Самой заметной отличительной чертой стиля и метода Шекспира является богатая и самобытная образность. Образы присутствуют в любом литературном произведении, но риторические образы — это всего-навсего образы, употребляемые в разговорной речи, которые подверглись стилистической обработке, в результате чего улучшились их язык и ритм. Иными словами, это старые образы, которые риторик использует вновь, в большей или меньшей степени признавая этот факт. Даже «новые» его образы стары. Либо в конце концов оказывается,

что они уже были ранее в употреблении, либо они представляют собой столь незначительное отступление от старых образов, что не дают нам возможности по-новому увидеть тот или иной предмет, ту или иную мысль. Ораторы, разумеется, «придумывают» метафоры и сравнения, но такого рода «придумывание» — дело привычки, на помощь которой приходит логика. Достигаемая ими образность чисто иллюстративна, и каждый из нас, если у него работает голова, может «придумывать» такие же образы.
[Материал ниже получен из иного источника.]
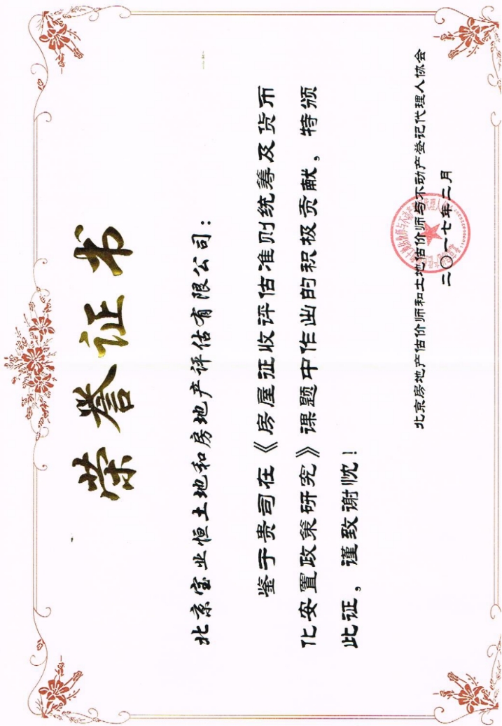 • 《房屋征收評估準(zhǔn)則統(tǒng)籌及貨幣化安置政策研究》課題榮譽證書

Различие между Шекспиром и Шиллером, пожалуй, нигде не проявляется столь ярко, как в использовании ими образов. Шиллер делает в этом отношении все, что может сделать хороший оратор. Шекспир мыслит образами. В основе шекспировского неповторимо свежего видения мира лежит прежде всего поэтический образ. Нам трудно поспеть за образной мыслью Шекспира. Его образы говорят так много и так быстро сменяют друг друга, что с первого раза мы просто не в состоянии воспринять на слух все эти речевые богатства. Даже для того чтобы мы могли схватить главное, не говоря уже о частностях, нужно было бы замедлить речь актеров в непосильной для них степени. Чем вызвано это несоответствие — тем, что некоторые слова, употребляемые Шекспиром, стали анахронизмами, или же тем, что мы уступаем в быстроте восприятия нашим предкам? Какова бы ни была причина нашей неспособности следить за полетом авторской мысли, это приводит к тому характерному результату, что режиссеры, ставящие пьесы Шекспира, считают своим долгом упрощать его. Не желая идти по пути замедления диалога до такой степени, когда он стал бы вполне понятен, но, возможно, утомителен, они предпочитают сохранить надлежащий темп, поступаясь при этом всеми деталями. Однако речь, произнесенная слишком быстро, вследствие чего слушатель упускает все ее подробности, оставляет после себя лишь смутное общее впечатление. С шекспировской точки зрения этого совершенно недостаточно. Не удивительно, что при таких обстоятельствах становится возможным сравнение Шекспира с риторикой Шиллером, ибо в условиях, когда его

поэзия низводится до риторики, Шекспир с тем же успехом мог бы и быть каким-нибудь Шиллером.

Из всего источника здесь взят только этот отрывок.